= Lui Pao Chuen =

Singaporean military scientist

Lui Pao Chuen is a Singaporean professor and former chief defence scientist who is presently the President at the Singapore Institute of Purchasing and Materials Management (SIPMM) and has had roles as Chairman of the Advisory Board of the Singapore Space and Technology Association (SSTA); Advisor at the Ministry of National Development (MND); Senate Member at the Management Development Institute of Singapore (MDIS); Founding Board of Trustees Member of the Singapore University Technology and Design (SUTD) and Advisor of the National Research Foundation at the Prime Minister's Office (Singapore).
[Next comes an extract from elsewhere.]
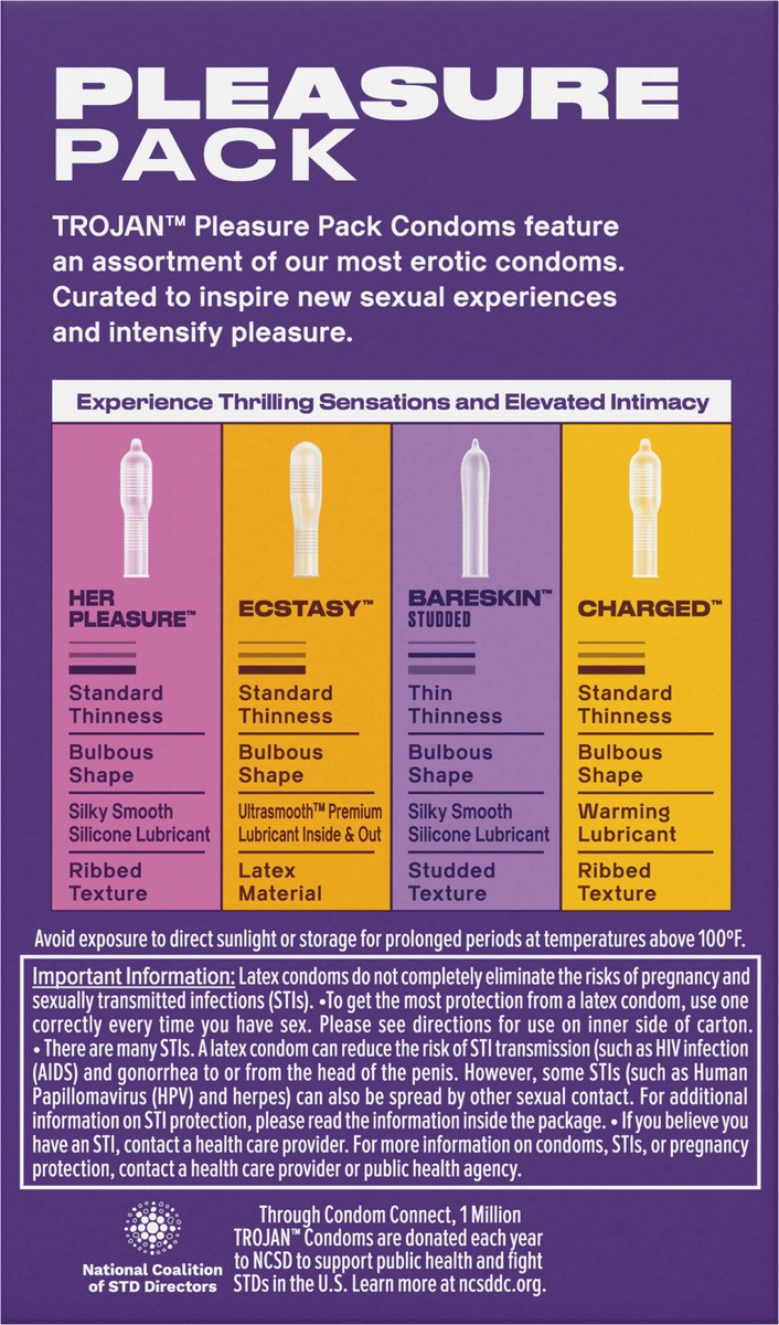 Trojan Pleasure Variety Pack Lubricated Condoms, 12 Count, 1 Pack features an assortment of our most stimulating condoms to provide sensual excitement for both partners every time. This multi-pack inc…

== Radio and Space Research Station ==
In 1965 Chuen was appointed scientific officer in the Radio and Space Research Station in Singapore. The following year he was promoted to the Logistics Division to work as Officer-in-Charge of the Test and Evaluation Section.  Ten years after his first appointment he became Special Projects Director.

== MINDEF ==
Chuen worked at the Ministry of Defence (MINDEF) for more than four decades.  During this time he played a pivotal role in establishing the groundwork for Singapore's defense capacities within the army.

== Awards and recognition ==
- 1975: SAF Good Service Medal
- 1979: The Public Administration Silver Medal (Silver)
- 1986: Chief Defence Scientist (first time appointee)
- 1992: The Public Administration Gold Medal
- 1997: Long Service Award for three decades service in Singapore
- 2002: Distinguished Alumni Award from the US Naval Postgraduate School
- 2002: National Science and Technology Medal
- 2002: Inducted into Naval Postgraduate School Hall of Fame
- 2005: NUS Distinguished Science Alumni Award and Outstanding Service Award
- 2007: NUS University Outstanding Service Award
- 2008: Elected Honorary Fellow by the Institution of Engineers, Singapore
- 2011: IPS President Medal
- 2014: Institution of Engineers Singapore's Lifetime Engineering Achievements Award
- 2015: Inaugural Defence Technology Medal (Outstanding Service) from the Defence Minister
- 2025: Darjah Utama Bakti Cemerlang

== Education ==
Chuen has a BSc (Hons) in Physics from Singapore University, an MA in Operations Research and Systems Analysis. He was awarded a Postgraduate fellowship from MINDEF and from the Singapore National Academy of Science in 2011.